Physical Wellness
Binge Drinking Tied to Insomnia, Study
If you're having problems falling asleep, doctors say you should lay off the bottle.
A new study has linked frequent binge drinking to insomnia symptoms in older adults.
The findings published in the journal SLEEP involved 4,970 community-dwelling adults ages 55 and older from the 2004 wave of the Health and Retirement Study.
Participants had completed questionnaires about binge drinking and sleep habits. Researchers said participants reported the number of days on which they had "four or more drinks on one occasion" in the prior three months. Investigators then used the answers to calculate the average number of binge drinking days per week. Participants were also asked to report the frequency of difficulty falling asleep, trouble staying asleep, waking too early or feeling un-rested in the morning. Participants who reported having sleep problems "most of the time" were considered to have an insomnia symptom.
The findings revealed that 26.2 percent of all participants had two or less binge drinking days per week on average and 3.1 percent had more than two days per week on average.
After accounting for confounding factors like demographic variables, medical conditions and elevated depressive symptoms, scientists found that participants who binged more than two days a week had an 84 percent greater chance of reported an insomnia symptom compared to non-binge drinkers.

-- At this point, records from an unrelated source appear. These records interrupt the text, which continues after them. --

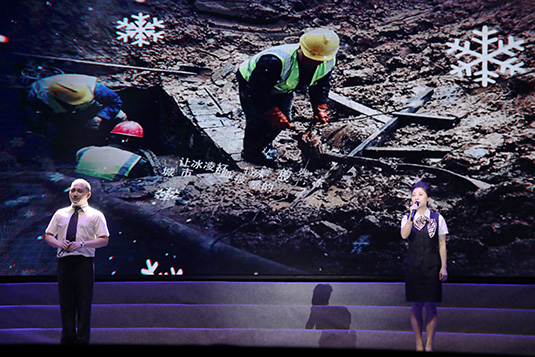 “我如果是雪,怎会让冰棱打造特殊的战场,让城市的血管被残暴的冻伤?但我不是,我只是你的孩子,只能听你说起,在银装素裹里身披雪花的景象,美得像是纯洁的诗行…”,随着水务集团朗读者的娓娓道来,现场观众的思绪被拉回到2018年年初的那场大风雪中,天寒地冻,居民用水告急,水务集团的普通党员们,夜以继日,辛勤不辍,不分分内分外,全力以赴抢修保供。许多职工无暇顾及家中年幼的孩子,长时间奔波在防冻保供的第一线,成了孩子眼中“不合格”的家长。水务集团的原创诗作《我如果是…》,以孩子的视角,再现了冰天雪地里水务集团广大党员干部职工以清新作风保供担当,舍小家为大家,传递暖心“为民情怀”的故事。一幕幕场景、一句句诉说,直击人心,许多人感动的热泪盈眶。?口区纪委领导称赞道:“水务集团创作的节目让我们感动落泪,水务集团作出的贡献让我们深深感谢!”
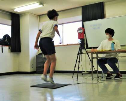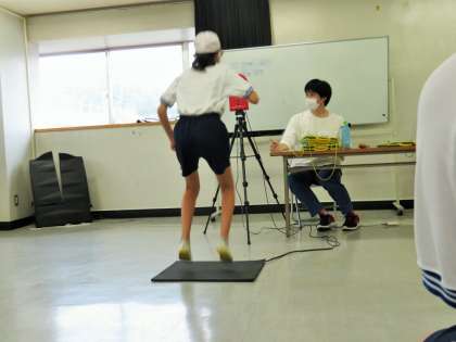 写真は、反応時間に挑戦している5年生の様子です。光が光ったらジャンプする、その反応時間を測定しています。
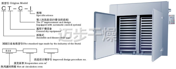 CT-C型系列热风循环烘箱配用低噪音耐高温轴流风机和自动控温系统,整个循环系统全封闭,使烘箱的热效率从传统的烘房3-7%提高到目前的35-45%,最高热效率可达50%。CT-C型热风循环烘箱的设计成功,使我国的热风循环烘箱达到了赶上了国外水平。为我国节约了大量能源,提高了企业的经济效益。1990年由国家医药管理局发布了行业标准,统一型号为RXH。
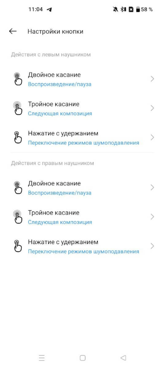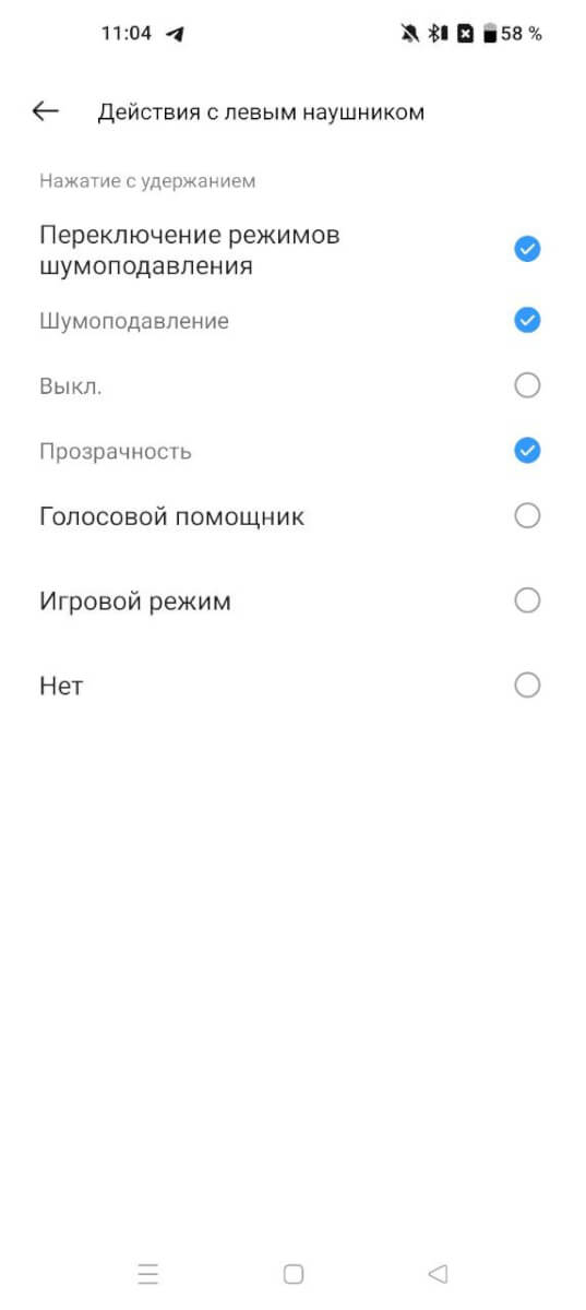 Активация и настройка активного шумоподавления (ANC), режима прозрачности, отключение этих функций.
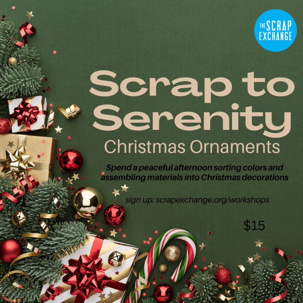 Scrap to Serenity, Christmas Edition: Spend a peaceful afternoon sorting colors and assembling materials into Christmas ornaments or decorations. This special Scrap to Serenity: Christmas Edition class offers a calm, creative way to welcome the season or relax from holiday stress.
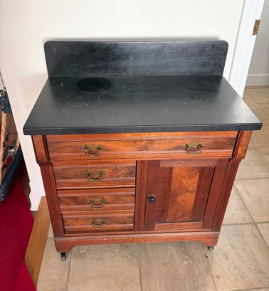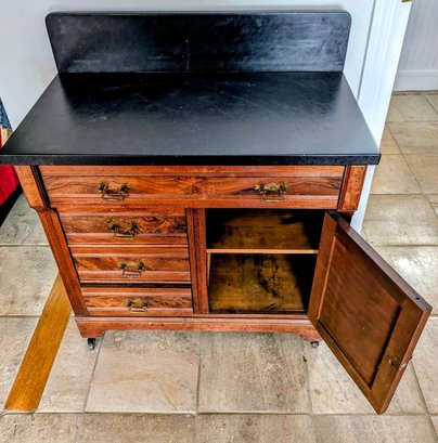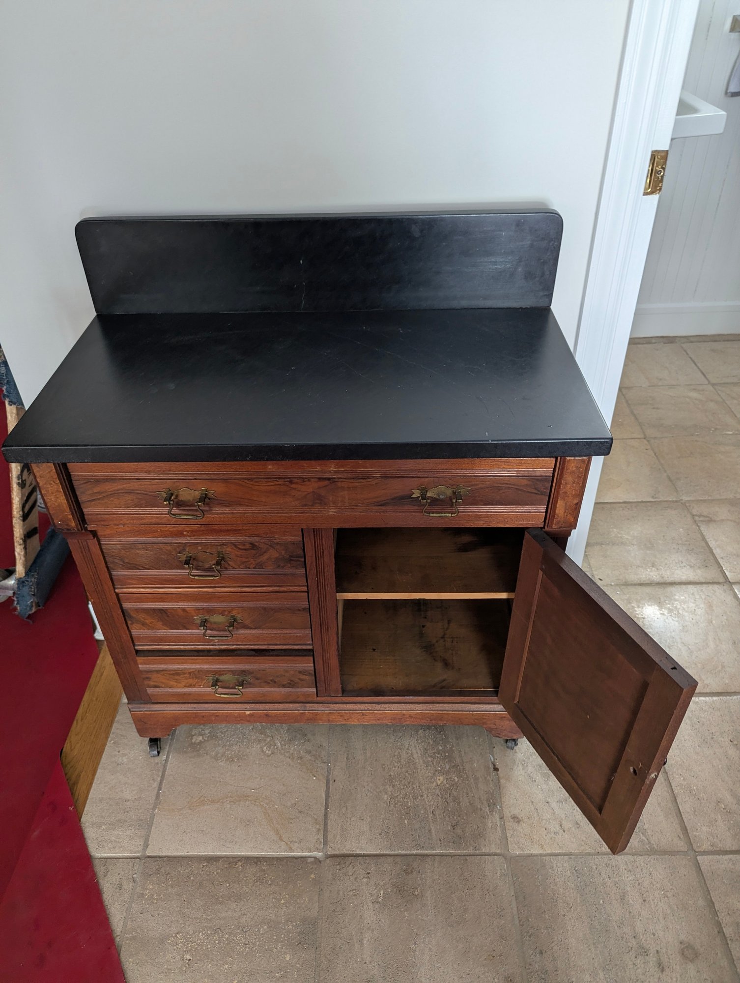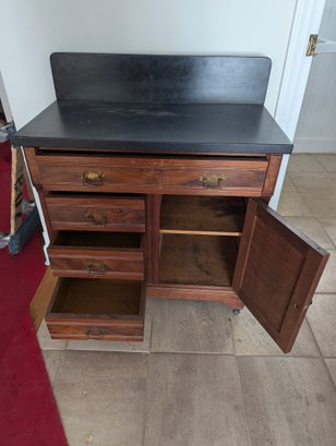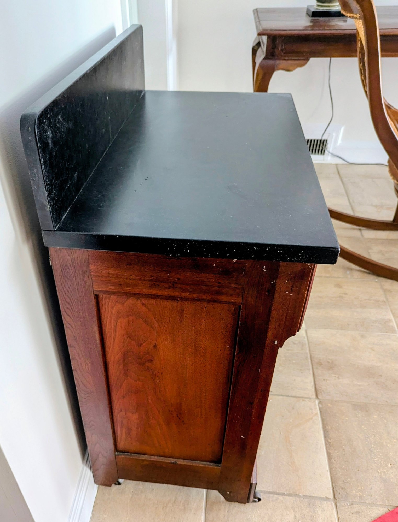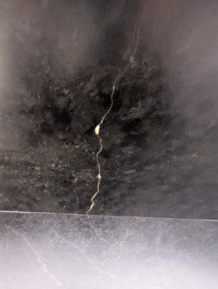 Cabinet in great condition but slight crack, located on elevated backsplash
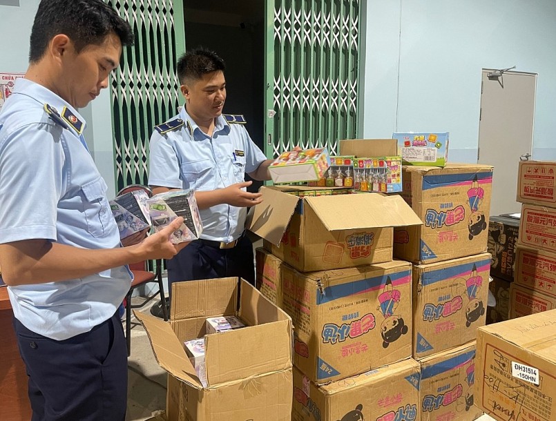 Kết quả kiểm tra phát hiện trên xe vận chuyển 21 mục hàng trong đó có: Xúc xích các loại nhãn bằng tiếng nước ngoài, số lượng: 1.600 bì; Thanh cua các loại nhãn bằng tiếng nước ngoài, số lượng: 3.600 bì; Kẹo các loại, các hiệu TANGXIADUO, SUAN LIU YUAN QI DAN, Deer DaDa, YiMuBai, Ringpop, LOLLIPOP, nhãn bằng tiếng nước ngoài, số lượng: 5.490 hộp; Kẹo các loại, các hiệu DROPS CANDY MIX, Sour Ghost Sugar, TYUNHUAJIAN, YaYou, BAIJIA CANDY, WEILIYA, nhãn bằng tiếng nước ngoài, số lượng: 25.480 bì; Kẹo các loại, các hiệu LOTTERY MACHINE, Mini phone Candy, nhãn bằng tiếng nước ngoài, số lượng: 1.248 cái; Bánh que socola hiệu DOYEN, nhãn bằng tiếng nước ngoài, số lượng: 1.200 bì. Tại thời điểm kiểm tra, lái xe không xuất trình được hóa đơn, chứng từ hợp pháp kèm theo.

"It was somewhat surprising that frequent binge drinking (more than 2 binge drinking days per week, on average), but not occasional binge drinking (more than zero, but less than 2 binge drinking days per week, on average) had a significant association with self-reported insomnia symptoms," lead author Sarah Canham, PhD, postdoctoral fellow in Drug Dependence Epidemiology, John Hopkins University, Bloomberg School of Public Health, Department of Mental Health in Baltimore, Maryland, said in a news release.
Researchers said the latest study is the first to tie binge drinking with insomnia symptoms in older adults.
"Clinicians and health care providers should be aware of and discuss the use of alcohol with their older patients, particularly those who report poor sleep," added Canham. "Binge drinking behaviors may be an appropriate target for improving poor sleep."